I teach a course in writing for healing because I’ve learned that journaling about difficulties in life leads to new understanding, insight, and compassion. It can even lead to creating a new story for our life.
Words heal. Thoughts heal.
So what is healing in our difficult, erratic world?
- Anything that helps us mend, lifts our spirits, invigorates us, points in new directions
- Insight, changing our mind, understanding a different point of view, feeling the connection of all life on earth, however fleetingly
- Friends, companions, colleagues, adversaries
- Meeting a challenge, learning a new skill, finding the courage to speak our truth
- A band-aid, an aspirin, herbs, medicine, massage, loving touch, laughter, a good listener, a friendly smile
- Sitting still on the bank of a river, on a beach, in a high meadow inhaling the scent of pine needles
- Quieting the mind, holding a sleeping child, stroking the fur of a beloved pet
- Spotting a rare animal on a hike, sunlight dancing through treetops, birdsong
- Poetry, music, dancing for joy, writing from the heart, saying what we mean
- Using our creative gifts to make someone smile.

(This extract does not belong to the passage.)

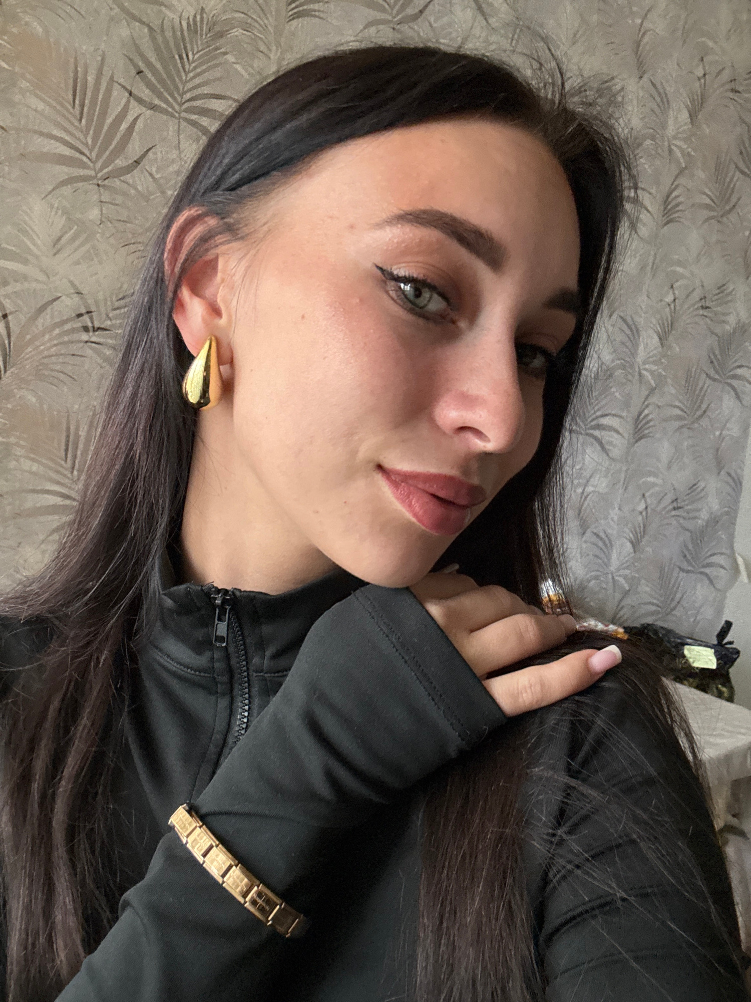 An indoor portrait shows a young woman, likely in her 20s or early 30s, looking directly at the camera with a calm expression, hinting at a subtle smile. She has long, dark brown hair, light-colored e…read more

In the book, Healing Words: The Power of Prayer and the Practice of Medicine, Larry Dossey, MD, discusses the concept of “prayerfulness,” a state where a person does not pray for something in the traditional sense, but lives with a sense of the sacred, of being aligned with “something higher.”
Prayerfulness accepts without being passive and is grateful without giving up. It is willing to stand in the mystery of life when the rational mind falters. It is also related to recorded instances of spontaneous healing, from cancer and other difficult diagnoses.
Local writer Lynn C. Miller and friends contemplate healing on their latest podcast of The Unruly Muse.
In this episode, John and Lynn search for the soothing moments, the healing balm, the uplifting. In a world fractured and fractious, a country aching for change and most of all relief, possibilities occur that can lessen the load and lead to equanimity. We find comfort in song, music, connection with others, the natural world, and childhood dreams of unbounded time.
I view healing as more change than repair—as growth, becoming, learning, wisdom, humility.
For a person on a healing path, life is no longer routine, tethered to the demands of the external world. It becomes magical. Intuition, feelings, and impulses are welcomed and explored.
The magical approach to life assumes we have had a hand in creating everything we encounter. And that means if we don’t like what we experience, we can change it.
Change our words. Change our minds. Change our lives.